If a TC (truncation) bit is set in the response, then the sender MAY use
the response if it contains all necessary information, or the sender MAY
discard the response and resend the query over TCP or using EDNS0 with
larger window using the unicast address of the responder. The RA
(Recursion Available) bit in the header of the response MUST NOT be set.
If the RA bit is set in the response header, the sender MUST ignore it.

2.5. DNS TTL

The responder should use a pre-configured TTL value in the records
returned in the LLMNR query response. Due to the TTL minimalization
necessary when caching an RRset, all TTLs in an RRset MUST be set to the
same value. In the additional and authority section of the response the
responder includes the same records as a DNS server would insert in the
response to the unicast DNS query."

[BA] Requiring a query to be sent over TCP doesn't add
much security value beyond requiring that a Responder
be onlink. If the Responder were offlink then TCP
would just demonstrate that the rogue wasn't using a
spoofed source address. So if we are going to require
TTL=255 on send, check on receive, then I don't think
that this adds additional value.

Proposed resolution: Accept

Issue 26: Retransmission timeouts
Submitter: Bernard Aboba
Submitter email address: aboba@internaut.com
Date first submitted: March 17, 2003
Reference:
Document: LLMNR-13
Comment type: T
Priority: S
Section: 2.1
Rationale/Explanation of issue:

Dynamically estimated timeout values are not supported.

Change:

"If the LLMNR query is not resolved during a limited amount of time
(LLMNR_TIMEOUT), then a sender MAY repeat the transmission of a query in
order to assure themselves that the query has been received by a host
capable of responding to the query. The default value for LLMNR_TIMEOUT
is 1 second. Since a sender cannot know beforehand whether it will
receive no response, one response, or more than one response to a query,
it SHOULD wait for LLMNR_TIMEOUT in order to collect all possible
responses, rather than considering the query answered after the first
response is received."

To:

"LLMNR implementations SHOULD dynamically estimate the timeout
value (LLMNR_TIMEOUT) on a per-interface basis, using the
algorithms described in [RFC2988], with a minimum timeout value
of 300 ms. If the LLMNR query is not resolved by LLMNR_TIMEOUT,
then a sender MAY repeat the transmission of a query in
order to assure themselves that the query has been received by a host
capable of responding to the query. Since a sender cannot know
beforehand whether it will receive no response, one response,
or more than one response to a query, it SHOULD wait for
LLMNR_TIMEOUT in order to collect all possible responses,
rather than considering the query answered after the first
response is received."

Proposed resolution: Accept

Issue 27: Editorial Nits
Submitter: Christian Huitema
Submitter email address: huitema@microsoft.com
Date first submitted: January 17, 2003
Reference:
Document: LLMNR-13
Comment type: E
Priority: S
Section: Various
Rationale/Explanation of issue:

Throughout the document, replace "LINKLOCAL" with "link-scope multicast".

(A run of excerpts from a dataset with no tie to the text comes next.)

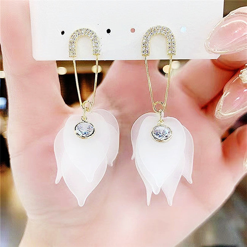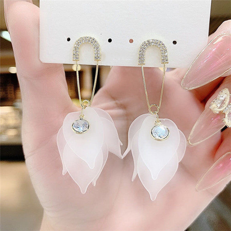 2021 new trendy Korean transparent white petal tassel earrings long temperament personality female earrings earrings earrings earrings
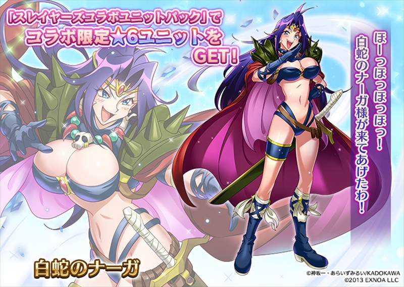 召喚などに使える「神聖結晶」や、レアリティブラックのコラボユニット『白蛇のナーガ』などがおまけについた、「スレイヤーズコラボユニットパック」を期間限定で販売する。期間は2月5日(木)メンテナンス後~2月19日(木)メンテナンス前まで。
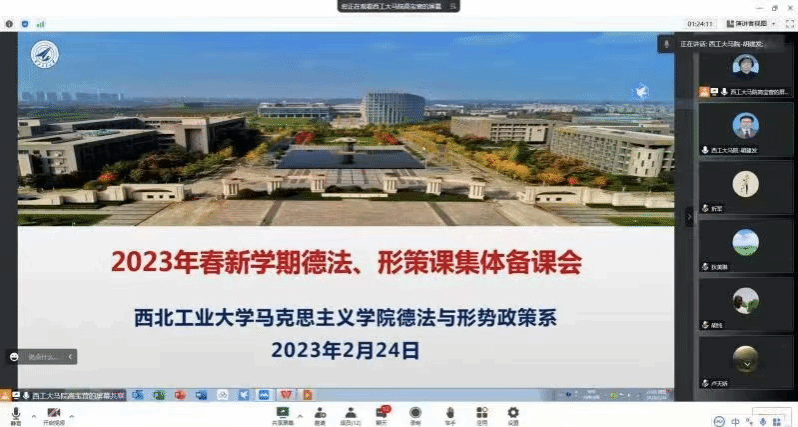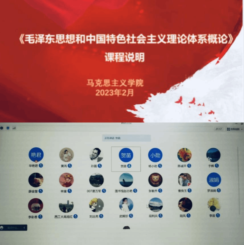 《毛泽东思想和中国特色社会主义理论体系概论》教学团队于2月23日晚组织开展了新学期首次集体备课,马克思主义中国化研究系教学主任华艳君副教授主持本次会议,课程团队专兼职教师共28人参加会议。太阳成tyc122cc副经理贺苗参加了本次备课会,并传达了“开学第一课”的有关会议精神。老师们认真学习了会议精神并展开深入交流与讨论,大家纷纷表示要认真学习贯彻习近平总书记提出的“八个相统一”教学要求,落实立德树人根本任务,做好公司新学期思政课教学和大思政课建设工作。

Proposed resolution: Accept

Issue 28: Addressing
Submitter: Christian Huitema
Submitter email address: huitema@microsoft.com
Date first submitted: January 17, 2003
Reference:
Document: LLMNR-13
Comment type: T
Priority: S
Section: 2.5
Rationale/Explanation of issue:

Change:

"For IPv4 link-scope addressing, section 2.4 of "Dynamic Configuration of
IPv4 Link-Local Addresses" [IPV4Link] lays out the rules with respect to
source address selection, TTL settings, and acceptable
source/destination address combinations. IPv6 is described in [RFC2460];
IPv6 link-scope addressing is described in [RFC2373]. LLMNR queries and
responses obey the rules laid out in these documents. "

To:

"The source address of LLMNR queries and responses MUST be "on link". The
destination address of an LLMNR query MUST be a link-scope multicast
address or an "on link" unicast address; the destination address
of an LLMNR response MUST be an "on link" unicast address.
For IPv4, an "on link" address is defined as a link-local address or
an address whose prefix belongs
to a subnet on the local link; for IPv6 [RFC2460]
an "on link" address is either a link-local address, defined in
[RFC2373], or an address whose prefix
belongs to a subnet on the local link. A sender SHOULD prefer
RRs including reachable addresses where RRs involving
both reachable and unreachable addresses are returned in
response to a query."

Proposed resolution: Accept

Issue 29: Valid Responses
Submitter: Christian Huitema
Submitter email address: huitema@microsoft.com
Date first submitted: January 17, 2003
Reference:
Document: LLMNR-13
Comment type: T
Priority: S
Section: 3
Rationale/Explanation of issue:

Insert the following text in Section 3:

"RRs returned in LLMNR responses MUST only include values that are
valid on the local interface, such as IPv4 or IPv6 addresses valid on the
local link or domain names defended using the mechanism described
in Section 4. In particular:

[5] If a link-scope IPv6 address is returned in a AAAA RR, that
address MUST be valid on the local link over which LLMNR is
used.

[6] If an IPv4 address is returned, it must be reachable through
the link over which LLMNR is used.

[7] If a name is returned (for example in a CNAME, MX
or SRV RR), the name MUST be valid on the local interface."

Proposed resolution: Accept

Issue 30: Why is Dynamic Update needed?
Submitter: Erik Guttman
Submitter email address: erik.guttman@sun.com
Date first submitted: March 24, 2003
Reference:
Document: LLMNR-16
Comment type: T
Priority: S
Section: 4
Rationale/Explanation of issue:

Maybe I'm missing something, but I do not understand why a host
with UNIQUE RRs needs to test for uniqueness by sending a
Dynamic Update request for the RR with a prerequisite of NXRRSET.
Why would it not be sufficient to send a query for the RR?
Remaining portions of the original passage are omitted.